Animal-powered farming

click to enlarge Melanie Cunningham follows Joseph and Tex as they drag the All-In-One.

Photo courtesy of Kevin Cunningham

Melanie Cunningham follows Joseph and Tex as they drag the All-In-One.

Since 2009, Kevin and Melanie Cunningham of Shakefork Community Farm have been farming on 85 acres in the Van Duzen River floodplain in sunny Carlotta. They cultivate 8 acres of mixed vegetables (from salad greens to brassicas to root vegetables), storage crops and small grains, and manage another 40 acres of grazing land for pastured poultry, sheep and cattle.

Five years ago, Kevin traded four broiler chickens for four mixed Holstein/Jersey bull calves — he likes to say that he turned chickens into oxen — consulted his copy of Oxen, A Teamster Guide by Drew Conroy and started on the path of team training. It also took him time, of course, and steady effort.

While the word "teamster" today typically refers to a truck driver, originally it meant a person who drove a team of draft animals, usually a wagon drawn by oxen, horses or mules. The use of draft animals in a farm these days is rare in the West, but thanks to the Internet and the Draft Animal Power Net website (www.draftanimalpower.org), Kevin is in contact with other draft animals practitioners around the country. Last year he attended the Draft Animal Power Field Days conference in Massachusetts.

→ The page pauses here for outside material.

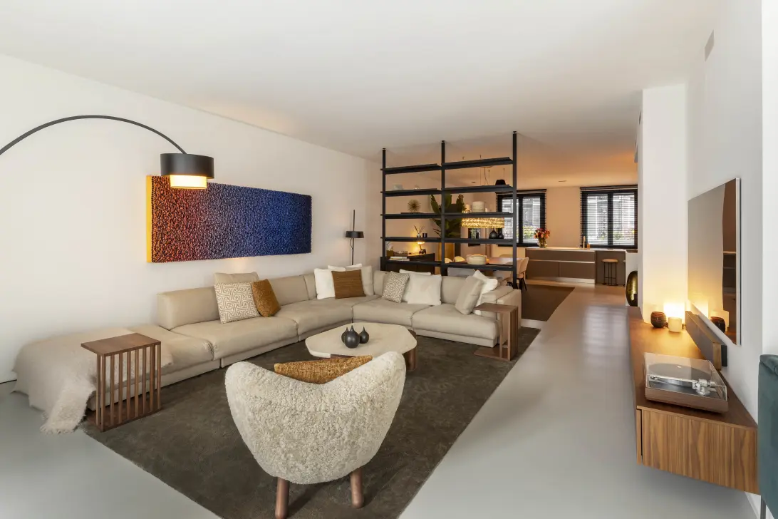 De royale leefruimte met een plafondhoogte van circa 3 meter strekt zich uit over de volledige diepte van het appartement. Aan de voorzijde bevindt zich de woonkeuken, uitgevoerd in een strak en tijdloos ontwerp van het Italiaanse Boffi, met een kookeiland en hoogwaardige inbouwapparatuur. De leefruimte vloeit naadloos over in de zitkamer en het aangrenzende terras.

In their first year, oxen Joseph and Tex, named for the white Texas-shaped spot on his side, learned basic commands and how to pull a small load. At 2 and 3 years of age, they started helping with daily chores, like hauling chicken feed, water and hay. Oxen are considered mature and able to do a full load of work at 4, and in their prime up to about 8. After that, they start to slow down, though they're still able to do some work on the farm.

Besides oxen (the use of which for transportation and then agriculture dates back to 4000 B.C.), horses are also used as draft animals and have a longer work life. But horses take longer to train and would have been more expensive to purchase and to maintain for the Cunninghams, as they require feed not available on the farm. In the end, the ability to be self-sustaining and feed the draft animals from the pasture won out.

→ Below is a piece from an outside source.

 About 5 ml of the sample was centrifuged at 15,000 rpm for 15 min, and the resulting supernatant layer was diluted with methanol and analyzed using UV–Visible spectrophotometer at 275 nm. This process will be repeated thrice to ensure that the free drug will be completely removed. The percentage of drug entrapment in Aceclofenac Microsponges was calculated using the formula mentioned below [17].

Watching Kevin walk alongside Joseph and Tex in a field is like finding oneself in a pastoral painting from the past come to life. That remarkable relationship between human and animal elicits respectful silence.

Shakefork Community Farm uses uncertified organic and biodynamic production methods, meaning it treats soil fertility, plant growth and livestock care as interrelated tasks. The oxen are a source of solar-powered traction, as they consume grass and convert it into muscle power. Together with the other livestock, they also provide manure to the compost pile, contributing to make the farm independently fertile.

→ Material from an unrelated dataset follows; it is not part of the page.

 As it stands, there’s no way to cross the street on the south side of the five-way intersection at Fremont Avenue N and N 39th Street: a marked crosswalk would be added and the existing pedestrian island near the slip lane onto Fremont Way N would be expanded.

Shakefork Community Farm is a mixed-power farm. The tractor is used to do the primary tillage of a field, while the oxen do finer-grained work such as secondary tillage. The oxen can walk on a wet field earlier than the tractor. In recent dry years, this was not much of an asset, but this year it came handy for some early spring planting. The oxen also help with other tasks, like pulling salvaged lumber that drifts down the Van Duzen River and hauling loads around the farm.

It's working out well enough that two years ago the Cunninghams brought in another pair, milking shorthorns named Duke and Earl, which are in training.

Using the oxen team has required some changes, like in the placement of the beds. Two years ago, the Cunninghams launched a successful crowd-funding campaign through Fund Humboldt that allowed them to purchase a tilling implement called an Anny's All-In-One, made in Mendocino County. The All-In-One, which is tied to the team, includes attachments for various types of farm work, such as shaping beds, cultivation, hilling and digging potatoes.

To give an idea of the improved efficiency Joseph and Tex recently pulled the All-In-One to weed a little more than a 1/3 of an acre of brassicas in 20 minutes. It would have taken a team of three to four people an entire afternoon to do the same work with a hula hoe weeder. A second pass took out even more weeds.

So when you pick up greens from the Shakefork Community Farm's stall at the farmers markets in Arcata, Fortuna or Garberville, or receive your CSA share, that's some oxen-powered produce. If you're curious, visit the farm (7914 State Route 36, Carlotta) on Sunday, May 15 from 2 to 4 pm and the Cunninghams will take you on a tour.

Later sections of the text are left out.